In the IT world, there has always been a pull between generalist and specialist. The stereotypical sysadmin falls in the generalist category 99 times out of 100. The site reliability engineer (SRE) role is specialized, however, and grew out of the needs of one of the first companies to know real scale: Google. Ultimately, these two roles have the same goal for the applications whose infrastructure they operate: providing a good experience for the applications’ consumers. Yet, these roles have drastically different starting points.
Sysadmins: Neutral good incarnate
Sysadmins typically grow into their position by starting as entry-level desktop and network support, and then over time acquiring the broad set of skills most sysadmins have in common. By that point, these sysadmins know all of the systems and applications they are responsible for. They know the app on server one needs to be restarted every other Tuesday, or the service on server nine will crash on Wednesday with no errors. They have fine-tuned their monitoring so it ignores what doesn’t matter, even that error that happens on the third Sunday of the month, despite the fact that it’s marked as fatal.
In short, sysadmins know how to feed and care for the servers that run the core of your business. These sysadmins have grown to use automation to handle routine tasks across all the servers they manage. They love templates, golden images, and standards, but are flexible enough to make a parameter change on just the one server that has an error, and then make a note regarding why that server is now uniquely configured.
Sysadmins are great, but they have a couple of quirks. The first being that you just do not get root access without divine intervention, and that any changes they make which were not their idea have to be documented as required by the application they are working with’s vendor, and then will still be double-checked.
The servers are their domain, and no one messes with their stuff.
SREs: Thanos would be proud
As opposed to the path to becoming a sysadmin, SREs are as likely to come from a development background as a sysadmin background.
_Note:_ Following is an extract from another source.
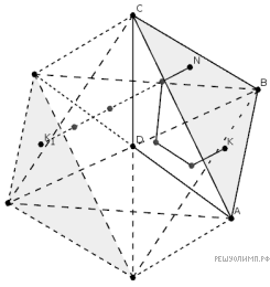 Будем последовательно «выпрямлять» путь луча следующим образом: если в какой-то момент луч должен отразиться от некоторой плоскости, будем считать, что он продолжает свой путь, но в «зеркальной» копии пирамиды. Заметим также, что в силу перпендикулярности рёбер DA, DB и «DC» плоскости (ABD), (BCD) и (CAD) при симметрии относительно друг друга остаются на месте. Поэтому, результатом нашего «выпрямления» будет отрезок NK1, где K1 точка, полученная из K после последовательных отражений относительно плоскостей (ABD), (BCD) и (CAD) в некотором порядке. Длина отрезка NK1 при этом как раз равняется суммарной длине, пройденной лучом.

The SRE position is closer to the lifecycle you find in an application development environment.
As an organization grows and introduces DevOps concepts like continuous integration and continuous delivery (CI/CD), there will often be a skills gap on how to run those immutable applications across multiple environments while having them scale to meet the business’s needs. This is the world of an SRE. Yes, a sysadmin can learn the additional tools, but at scale, this easily becomes a full-time position to keep up. A specialist makes sense.
SREs use concepts like infrastructure-as-code to produce templates, which are called to deploy the environment an application will run in, with the goal of every application and its environment being completely reproducible with the push of a button. So, app one on server one in system testing will have the exact same binaries that will be used on server fifteen in production, with the exception of environment-specific variables like passwords and database connection strings.
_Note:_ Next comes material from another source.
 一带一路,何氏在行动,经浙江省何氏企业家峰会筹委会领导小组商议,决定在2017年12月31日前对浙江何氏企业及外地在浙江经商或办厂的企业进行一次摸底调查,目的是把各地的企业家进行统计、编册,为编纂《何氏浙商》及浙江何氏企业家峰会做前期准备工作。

An SRE will also completely destroy an environment and rebuild it based on a configuration change. There is no emotional attachment to any system. Each system is just a number and is tagged and lifecycled accordingly, even to the point that routine server patching is done by redeploying the entire application stack.
In certain situations, especially when operating in large DevOps-based environments, the specialized skills an SRE provides regarding how to handle any level of scale definitely offer an advantage. And every time they get stuck, they will seek out the help of their friendly neighborhood sysadmin—or (BOFH) on a bad day—for those well-honed troubleshooting skills, and the breadth of experiences which sysadmins rely on to provide value to any organization they are a part of.